3.Assuming that the key was 5x5, we need two more pairs and you only gave us two. The number of known ciphertext and plaintext pairs needed to break a Hill cipher depends on the matrix size which is always a square for invertibility. So for an $n\times n$ key-matrix we need $n$ pairs of vectors with each being of size $n$. Otherwise (depending on the number system) we may have infinite possibilities (like in the real case) or more than one but finitely many possibilities (like in the mod 26 or mod 29 case).
So just for the sake of answering your question I will assume that we are working in the real field and the key was 5x5. We already have three pairs and I will just make up two more pairs, let's say $10000 \rightarrow 11111$ and $11000 \rightarrow 22222$.

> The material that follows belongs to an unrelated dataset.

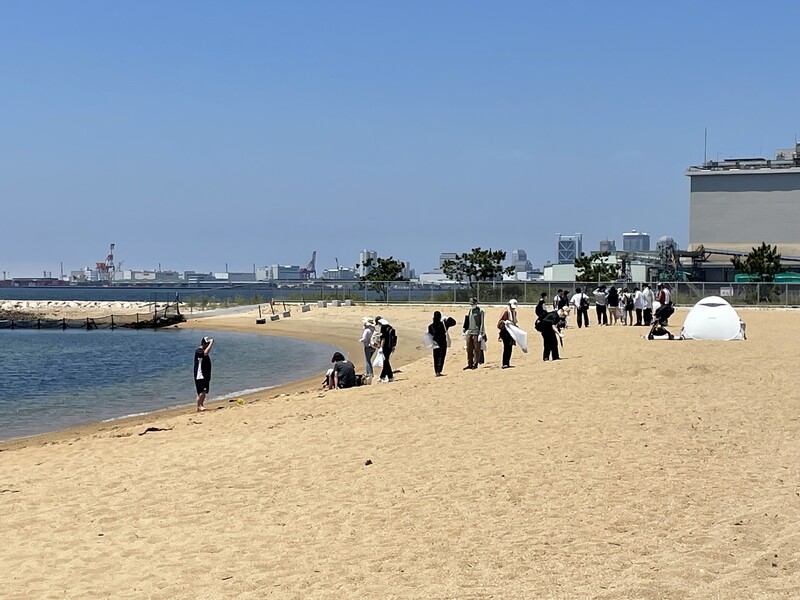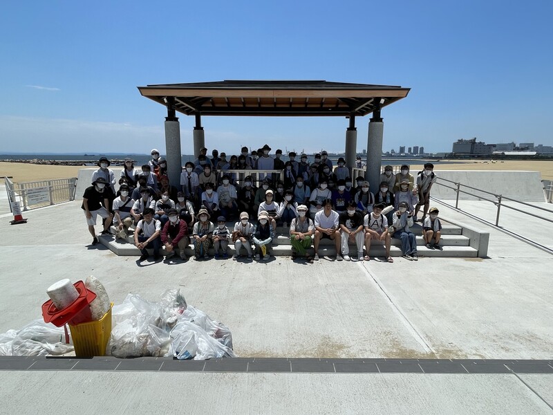 芦屋浜のごみを71名のボランティアの方と一緒に拾いました。ごみ袋9個分のごみを回収することができました。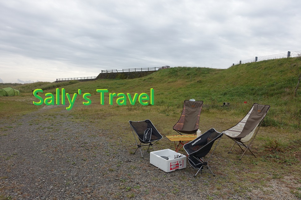 經過非常驚險刺激的一夜,紮營於 [関の江海水浴場] 後方草地

So now we have $\left[\begin{array} .a&b&c&d&e\\ f&g&h&i&j\\ k&l&m&n&o\\ p&q&r&s&t\\ u&v&w&x&y \end{array}\right] \cdot \left[\begin{array} .6\\ 2\\ 4\\ 0\\ 3 \end{array}\right] = \left[\begin{array} .7\\ 4\\ 2\\ 2\\ 2 \end{array}\right] $
$\left[\begin{array} .a&b&c&d&e\\ f&g&h&i&j\\ k&l&m&n&o\\ p&q&r&s&t\\ u&v&w&x&y \end{array}\right] \cdot \left[\begin{array} .6\\ 2\\ 4\\ 5\\ 1 \end{array}\right] = \left[\begin{array} .7\\ 4\\ 2\\ 1\\ 1 \end{array}\right] $
$\left[\begin{array} .a&b&c&d&e\\ f&g&h&i&j\\ k&l&m&n&o\\ p&q&r&s&t\\ u&v&w&x&y \end{array}\right] \cdot \left[\begin{array} .4\\ 4\\ 2\\ 7\\ 9 \end{array}\right] = \left[\begin{array} .7\\ 4\\ 2\\ 0\\ 8 \end{array}\right] $
$\left[\begin{array} .a&b&c&d&e\\ f&g&h&i&j\\ k&l&m&n&o\\ p&q&r&s&t\\ u&v&w&x&y \end{array}\right] \cdot \left[\begin{array} .1\\ 0\\ 0\\ 0\\ 0 \end{array}\right] = \left[\begin{array} .1\\ 1\\ 1\\ 1\\ 1 \end{array}\right] $
$\left[\begin{array} .a&b&c&d&e\\ f&g&h&i&j\\ k&l&m&n&o\\ p&q&r&s&t\\ u&v&w&x&y \end{array}\right] \cdot \left[\begin{array} .1\\ 1\\ 0\\ 0\\ 0 \end{array}\right] = \left[\begin{array} .2\\ 2\\ 2\\ 2\\ 2 \end{array}\right] $
Putting the five together, we get
$\left[\begin{array} .a&b&c&d&e\\ f&g&h&i&j\\ k&l&m&n&o\\ p&q&r&s&t\\ u&v&w&x&y \end{array}\right] \cdot \left[\begin{array} .6&6&4&1&1\\ 2&2&4&0&1\\ 4&4&2&0&0\\ 0&5&7&0&0\\ 3&1&9&0&0 \end{array}\right] = \left[\begin{array} .7&7&7&1&2\\ 4&4&4&1&2\\ 2&2&2&1&2\\ 2&1&0&1&2\\ 2&1&8&1&2 \end{array}\right] $
Then you just multiply the inverse of the plaintext matrix on the right on both sides and you have your key. Working in the real field, the inverse and hence the key is
$\left[\begin{array} .a&b&c&d&e\\ f&g&h&i&j\\ k&l&m&n&o\\ p&q&r&s&t\\ u&v&w&x&y \end{array}\right] = \left[\begin{array} .7&7&7&1&2\\ 4&4&4&1&2\\ 2&2&2&1&2\\ 2&1&0&1&2\\ 2&1&8&1&2 \end{array}\right] \cdot \left[\begin{array} .6&6&4&1&1\\ 2&2&4&0&1\\ 4&4&2&0&0\\ 0&5&7&0&0\\ 3&1&9&0&0 \end{array}\right]^{-1} $
$\left[\begin{array} .a&b&c&d&e\\ f&g&h&i&j\\ k&l&m&n&o\\ p&q&r&s&t\\ u&v&w&x&y \end{array}\right] = \frac{1}{206} \left[\begin{array} .7&7&7&1&2\\ 4&4&4&1&2\\ 2&2&2&1&2\\ 2&1&0&1&2\\ 2&1&8&1&2 \end{array}\right] \cdot \left[\begin{array} .0& 0& 38& -34& 18\\ 0& 0& 21& 30& -28\\ 0& 0& -15& 8& 20\\ 206& -206& -236& 16& 40\\ 0& 206& -58& -24& -60 \end{array}\right] $
$\left[\begin{array} .a&b&c&d&e\\ f&g&h&i&j\\ k&l&m&n&o\\ p&q&r&s&t\\ u&v&w&x&y \end{array}\right] = \frac{1}{206} \left[\begin{array} .206& 206& -44& -4& -10&\\ 206& 206& -176& -16& -40&\\ 206& 206& -264& -24& -60&\\ 206& 206& -255& -70& -72&\\ 206& 206& -375& -6& 88& \end{array}\right]. $
In a finite number system mod 26 or mod 29, the method is EXACTLY the same just that the computation like matrix/vector multiplications and then the matrix inverse will be different. Side note, in this case the system is breakable in all three cases; the real one (like I showed), mod 26, and mod 29 because the determinant of the plaintext matrix (which we are inverting) is 206 which is nonzero in all three systems.
And no we never assumed you were trying to do something illegal :-) because this method has absolutely zero security in the real world. No one actually uses the Hill cipher for anything useful/valuable. Are you trying to read your sister's diary?